Supreme Court to Decide Three Thorny Capital Cases

By Ross Parker
ticklethewire.com

The U.S. Supreme Court will begin its 2015-2016 term with oral arguments in October on three tough cases on capital punishment from the minority of states which still maintain a de facto death penalty.

Screen Shot 2015-08-20 at 11.44.20 AM

In Kansas v. Carr, Gleason, the issues presented involve the trial judge’s instruction to the jury and the question of joinder and severance for two defendants during the sentencing proceeding. Carr and Gleason were brothers who were convicted of a series of brutal rapes and murders during a crime spree in Wichita, Kansas in 2000. There was little doubt as to the result of the guilt phase of the trial.

During the death penalty hearing the judge denied the defendants’ request for severance of their cases. The defendants’ case of mitigation was in the words of the Kansas Supreme Court, “so weak it would not pull the skin off of rice pudding.” Although the evidence was not openly antagonistic between the two defendants, the appellate court later speculated that some of the evidence may not have been admitted against both defendants if there had been separate proceedings. The jury’s verdict was death.

The Kansas Supreme Court affirmed the convictions but reversed the sentences as a violation of the 8th Amendment prohibition against cruel and unusual punishment. The joint proceeding deprived the defendants of an individualized sentence determination. The court went on to hold that the trial judge should have instructed the jury that the defendant need not prove mitigating circumstances beyond a reasonable doubt. Instead, the judge had instructed that each juror should assess and weigh the mitigating circumstances.

Predicting the Court’s decisions in the emotion-packed morass of death penalty cases is never easy but not as difficult as divining the rationales of each Justice to support her/his vote. Separating the ultimate result from the nuance of the legal issue without distorting the evolution of the case law in non-capital cases has been a tortured exercise for decades. The defendants point to little concrete harm that resulted from the joinder, but this seems the better issue for them. The instruction issue seems less persuasive.

Hurst v Florida

The following week, October 13th, the Court will hear the case of Hurst v. Florida on whether its previous case of Ring v. Arizona should be extended to void the Florida practice of making the jury’s sentence verdict as only advisory to the trial judge, who makes the decision on a penalty of death, as well as issues on how the jury goes about deciding the advisory verdict.

Timothy Lee Hurst was convicted of the brutal murder of a co-worker in a Popeye’s Fried Chicken restaurant in Escambia County Florida in 1998. The psychologists testified that Hurst’s IQ was between 69 and 78 and therefore not ineligible for the death penalty as being “retarded.”
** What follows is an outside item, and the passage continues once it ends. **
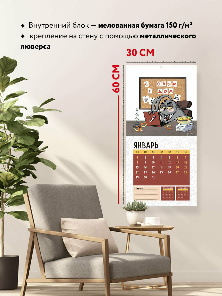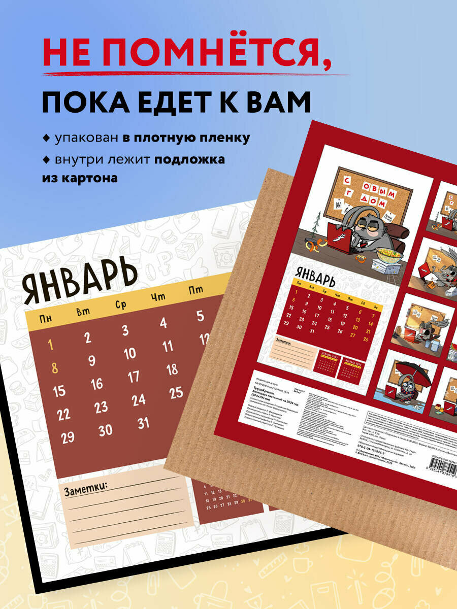 Календарь настенный Эксмо Календарь трудокролика от Bird Born. Календарь настенный на 2024 год (300х300 мм)

The jury’s advisory verdict to the trial judge did not identify which “aggravators” they found or whether a majority agreed on a single theory. They voted 7-5 to recommend death. This procedure leaves open the possibility that less than a majority agreed on a single aggravating circumstance, which would justify the jury’s recommendation. The trial judge conducted his own hearing on the issue and ultimately sentenced Hurst to death.

The Supreme Court in Ring held that whether the State has proven beyond a reasonable doubt the necessary aggravating circumstance warranting a death verdict is an issue of fact finding for the jury to determine. It did not spell out whether that decision had to be binding on the sentencing judge or how the jury was to go about the process. The case left some knotty issues: whether the jury’s role could be in the form of an advisory opinion to the trial judge; whether individual jurors could use different theories of aggravation; and whether the vote of a majority of the jury was a constitutionally adequate verdict.

Florida death penalty litigation has been a fertile ground for death penalty opponents. The state may want to allow Texas to devise the statutory system since Texas has been so much more efficient and successful at imposing and upholding its death verdicts and administering the fatal drug combination.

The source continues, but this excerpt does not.